I am trying to get Text to HTML Ratio on a given webpage. I am using a strip_html_tags to strip out the html tags and comparing it to the original content on the page to get the ratio. My issue is that I feel like my strip_html_tags function may not get all the tags on webpage. Is there a better way to do this... maybe that just replaces everything that starts with < and >. I can already point out that I am missing a lot of tags that should be stripped in the regex but there has to be a better way to do all this.

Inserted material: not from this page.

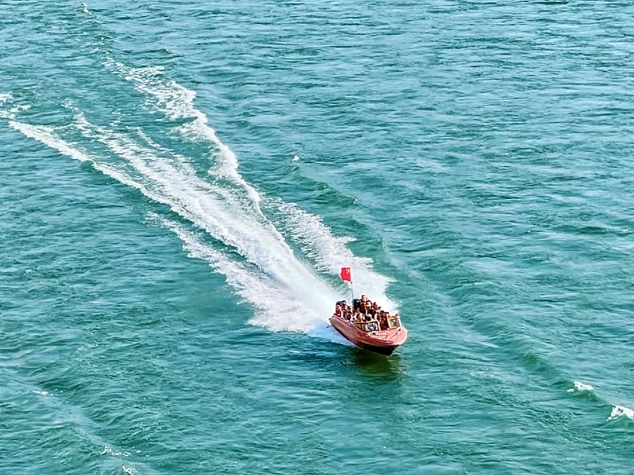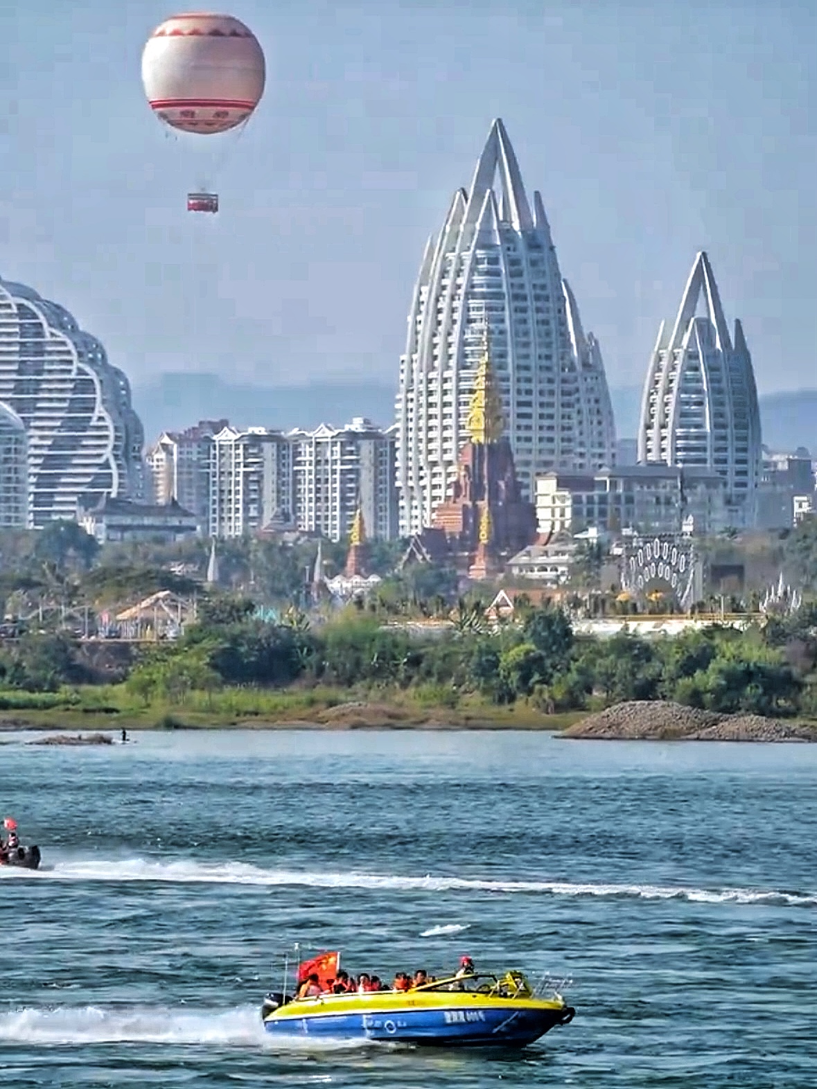 坐着快艇飞驰在澜沧江上

function strip_html_tags($text)
{
    $text = preg_replace(array(
        '@<head[^>]*?>.*?</head>@siu',
        '@<style[^>]*?>.*?</style>@siu',
        '@<script[^>]*?.*?</script>@siu',
        '@<object[^>]*?.*?</object>@siu',
        '@<embed[^>]*?.*?</embed>@siu',
        '@<applet[^>]*?.*?</applet>@siu',
        '@<noframes[^>]*?.*?</noframes>@siu',
        '@<noscript[^>]*?.*?</noscript>@siu',
        '@<noembed[^>]*?.*?</noembed>@siu',
        '@</?((address)|(blockquote)|(center)|(del))@iu',
        '@</?((div)|(h[1-9])|(ins)|(isindex)|(p)|(pre))@iu',
        '@</?((dir)|(dl)|(dt)|(dd)|(li)|(menu)|(ol)|(ul))@iu',
        '@</?((table)|(th)|(td)|(caption))@iu',
        '@</?((form)|(button)|(fieldset)|(legend)|(input))@iu',
        '@</?((label)|(select)|(optgroup)|(option)|(textarea))@iu',
        '@</?((frameset)|(frame)|(iframe))@iu',
        '#<[\/\!]*?[^<>]*?>#siu', // Strip out HTML tags
        '#<![\s\S]*?--[ \t\n\r]*>#siu' // Strip multi-line comments including CDATA
    ), array(
        ' ',
        ' ',
        ' ',
        ' ',
        ' ',
        ' ',
        ' ',
        ' ',
        ' ',
        "\n\$0",
        "\n\$0",
        "\n\$0",
        "\n\$0",
        "\n\$0",
        "\n\$0",
        "\n\$0",
        "\n\$0"
    ), $text);
    return strip_tags($text);
}

function check_ratio($url)
{
    $file_content = // getting data from curl request here
    $page_size    = mb_strlen($file_content, '8bit');
    $content      = strip_html_tags($file_content);
    $text_size    = mb_strlen($content, '8bit');
    $content      = preg_replace("/(^[\r\n]*|[\r\n]+)[\s\t]*[\r\n]+/", " ", $content);
    $len_real     = strlen($file_content);
    $len_strip    = strlen($content);
    return round((($len_strip / $len_real) * 100), 2);
}

3条回答
小情绪 Triste *
2楼-- · 2019-06-13 20:28

DOMNode::$textContent can be a starting point:

$domd = new DOMDocument();
libxml_use_internal_errors(true);
$domd->loadHTML(file_get_contents('http://www.google.com'));
libxml_use_internal_errors(false);

$items = $domd->getElementsByTagName('body');
var_dump($items[0]->textContent);

It also includes data from tags you probably won't consider "text", such as <style> or <script> but it shouldn't be difficult to take that into account.

查看更多
三岁会撩人
3楼-- · 2019-06-13 20:31

This is using a regex.

Update 1:

-Have to add an atomic group around the tag body of invisible content,
or could cause catastrophic backtracking if quotes are unbalanced.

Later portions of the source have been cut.